Oh. You would date a rabbit, but none live in your urban neighborhood? Okay then. Let me tell you how it would go:

At first it’s great. The rabbit is cute with his long ears and pink nose. And the way he looks at you just makes you feel so special.

You catch sight of him for the first time while taking an afternoon stroll through the park near your high school. It’s October of your senior year, and the ground is littered with orange and red maple leaves, so that the whole world looks warm like the embers in a fireplace late at night after everyone has gone to sleep. Jason Greene has asked you to Homecoming, and you’re pretty pleased with yourself.

The white rabbit with the brown mark jumps out of the yellow brush and fixes you with that look you’ll come to know and love. It says curiosity and fear both at once. And he stands there for just a second or two, before hopping back into the brush.

And you’re intrigued. Of course you’re intrigued. How could you not be? With those soft ears and that pink nose, and that special way he looked at you?

So you go straight to the grocery store, and you buy a bushel of carrots, and a head of lettuce, and the next day you’re back at the park. And the day after that. And the day after that.

And eventually he reappears. You’re sitting on a bench near where you first caught sight of each other, and out pops his head from the tall grass just ten or so yards away, and a short while later, out pops the rest of him. You can tell it’s the same rabbit from the distinctive brown marking on his left flank.

So you hold out the carrots in one hand, and the lettuce in the other, but he doesn’t approach, just sits there on his haunches, giving you that look – you know, the one he gave you before, that special look that says curiosity and fear both at once.

So you drop the lettuce and the carrots both on the ground, and you take five steps back, and he scampers forward and pokes at them with his little pink nose, and starts munching (turns out he prefers the lettuce to the carrots).

And the next day, the same thing happens, and the same thing the day after that, and the day after that, and the day after that, but each time you’re backing away a little less, and he seems a little less afraid, until finally you’re not backing away at all: You’re just sitting there side by side as he eats his lettuce. And not long after that, he’s eating the lettuce right out of your hand, and letting you pet him, and stroke him, and even hold him, until one day you put your lips against his furry back, and you whisper “I love you.”

So now I guess you’re going steady. You see him every day. You touch each other. You kiss. He eats his lettuce. You share an intimate silence.

And it’s not always easy. Communication, especially, is difficult. But you struggle through, because it’s worth it, because you’re in love.
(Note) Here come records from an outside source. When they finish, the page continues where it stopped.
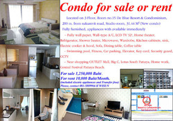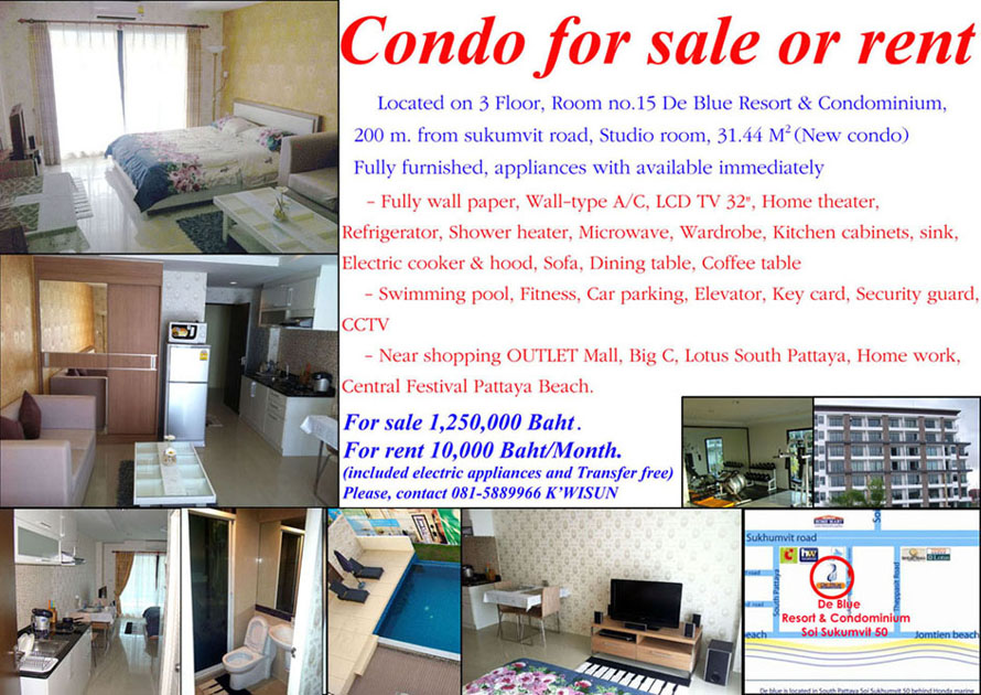 ขายถูกกว่าเป็นแสนหรือให้เช่า De blue resort & condominium ติดสุมวิทพัทยา (south pattaya) ห่างสุขุมวิทเพียง 200m. อยู่ในซอยสุขุมวิท 50 ใกล้แยกเทพประสิทธิ์ ใกล้พัทยาใต้ ใกล้ห้าง Lotus พัทยาใต้, Outlet mall, Home work, Big C และเดินทางไม่เกิน 15 นาที ก็ถึงชายหาดหรือ Central pattaya beach ครับ ห้องไม่ค่อยได้อยู่ครับ มือ 1 สภาพใหม่และเป็นคอนโดใหม่ ชั้น 3 ห้องเบอร์ 15 อายุอาคารประมาณ 1 ปีกว่า ห้อง Studio ขนาด 31.44Sq m. อยู่ฝั่งสุขุมวิทติด Honda marine ครับ ตัวห้องพอเห็นวิวภายนอกบ้างครับ ห้องไม่โดนแดดเยอะครับ บรรยากาศดี เงียบสงบ และเป็นส่วนตัวมากครับ ตัวอาคารมีทั้งหมด 8 ชั้น (นับชั้นล่างลานจอดรถ) ห้องมีทั้งหมดประมาณ 75 ห้อง เป็นคอนโดไม่ไหญ่มากครับเหมาะแก่การพักผ่อนจริงๆ ตกแต่งพร้อมเข้าอยู่ได้ทันที หิ้วกระเป๋ามาใบเดียวก็อยู่ได้เลยครับ เครื่องใช้ไฟฟ้า ตามรูปครับ ขาย (sale) 1,250,000Baht (ไม่ลดแล้วนะครับ เพราะลดให้แล้วจริงๆแสนกว่าๆจากราคาที่ Condo ขาย) หรือให้เช่า 10,000 บาท/เดือน ขายรวมเครื่องใช้ไฟฟ้าทุกอย่างที่อยู่ในห้อง และทุกอย่างที่เห็นในรูปครับ และส่วนกลางของ Condo มีสระว่ายน้ำ, Fitness, ที่จอดรถ, Lift 1 ตัว, Mail box, CCTV ชั้นละ 2 ตัว, Security guard 24 ชั่วโมง สนามพัตต์กอล์ฟ, Key gard ค่าส่วนกลาง 30 บาท/ ตร.ม ครับ ราคานี้ถูกจริงๆครับ ขายถูกกว่า Condo ขายเป็นแสนกว่าๆ เช็คได้เลยครับ ห้องนี้เจ้าของขายเองครับและขายด่วนครับ เพราะว่าต้องการย้ายที่อยู่ ยินดีทำเรื่องกู้แบงค์ให้ครับ
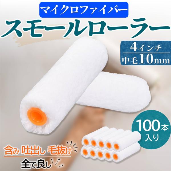 塗装ローラー スモール ペイント マイクロファイバー 100本セット ペンキ 用品 4インチ 10ミリ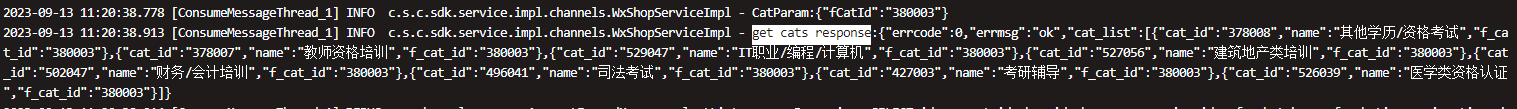 查询全部类目接口,获取到2339条类目信息,没有379009类目信息,其父id应为380003。获取子类目详情接口传入380003,也获取不到379009的类目信息。但是使用获取类目信息接口时可以查询到类目信息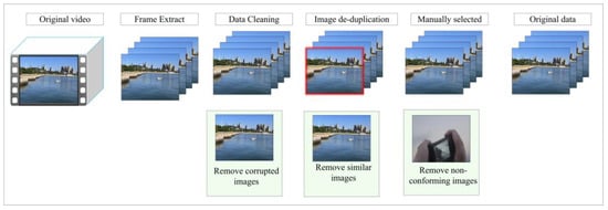 In the initial processing stage, images that did not meet the criteria due to blurring or corruption were eliminated by data cleaning. Subsequently, the structural similarity index (SSIM) algorithm [14], as in Equations (1)–(4), was utilized to compute the similarity of the images by luminance contrast, contrast contrast, and structural contrast, respectively, and finally, the redundant images with more than 80% similarity were de-duplicated. On this basis, further manual review means were used to eliminate the lower quality image samples. The specific processing flow is shown in Figure 3. After this series of rigorous screening and processing processes, a dataset called USV-DATA was finally constructed with 28,751 images.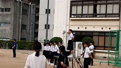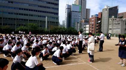 全校集会が始まる前に、3年生の修学旅行実行委員会副委員長(委員長は生徒会長なので朝礼台の上)より学年みんなに、「先週修学旅行でたくさん学んだことを、今後の学校生活に生かして頑張っていきましょう!」との決意が述べられました。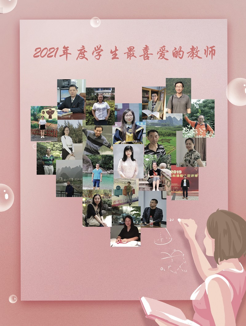 经班级推荐、各学院(部)推荐、学校复核、获奖公示四个环节,文学院/新闻与传播学院莫其逊、历史文化与旅游学院张娟、马克思主义学院莫梨、法学院李庆灵、政治与公共管理学院陈泉、经济管理学院吴朝晖、教育学部闫若婻、外国语学院崔凯、美术学院王宇鹏、音乐学院何娟娟、数学与统计学院马林涛、物理科学与技术学院刘小兵、化学与药学学院唐劲军、生命科学学院骆海玉、环境与资源学院张杏辉、计算机科学与工程学院/软件工程学院陆遥、体育与健康学院韩延柏、电子工程学院陆志敏、职业技术师范学院连智平、设计学院吴少昆、国际文化教育学院唐蕾共21名教师被评为广西师范大学2021年“学生最喜爱的教师”。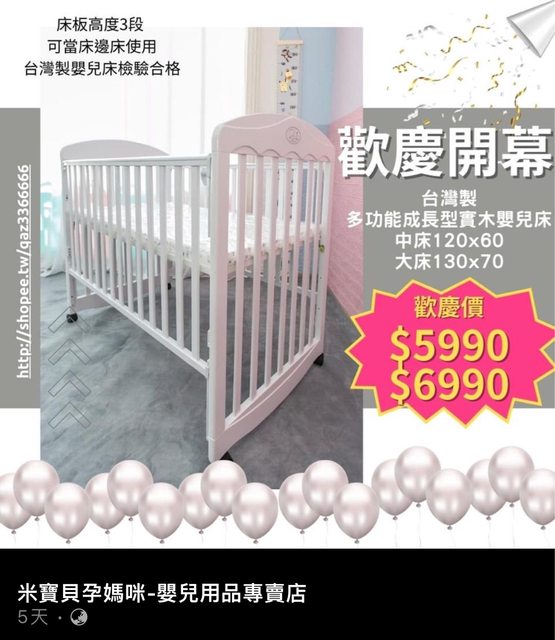 1.物品:二手台灣製嬰兒床大床(可拆)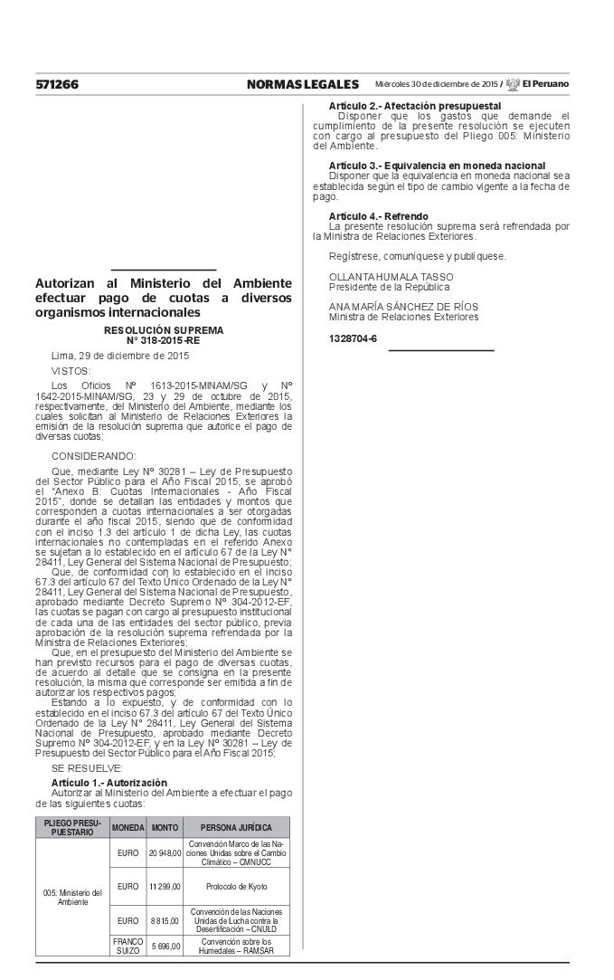 La presente Resolución Suprema autoriza al Ministerio del Ambiente a efectuar el pago de cuotas a las siguientes razones sociales: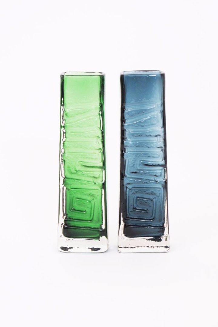 A Whitefriars Meadow Green glass Totem vase designed by Geoffrey Baxter, and a Whitefriars Indigo glass Totem vase, 26.5cm. high (2)

Outside the park, life proceeds pretty much as normal. It’s April, and a couple of guys have tried to ask you to prom, but of course you want to go with your rabbitfriend.

But he can’t ask you to go. He probably doesn’t even know what prom is. So you just have to take him, and trust that he’d want to do it for you, if only you could explain to him what exactly prom was, and why exactly it matters.

So when the day of the prom arrives, you show up at the park bench as usual, only this time you’re wearing your prom dress. It’s light blue and just a bit frilly, and you feel like a princess.

You give your prince his lettuce, and sit side by side as he eats, and when he’s done, you gently lift him up and start carrying him to your parents’ car.

You can feel his little heart fluttering against your fingers, but he doesn’t fight you, and you’re in the car on your way to the Hilltop ballroom, him in the passenger’s seat, and he’s giving you that same old look: that mixture of curiosity and fear, only this time you also sense something else. Trust.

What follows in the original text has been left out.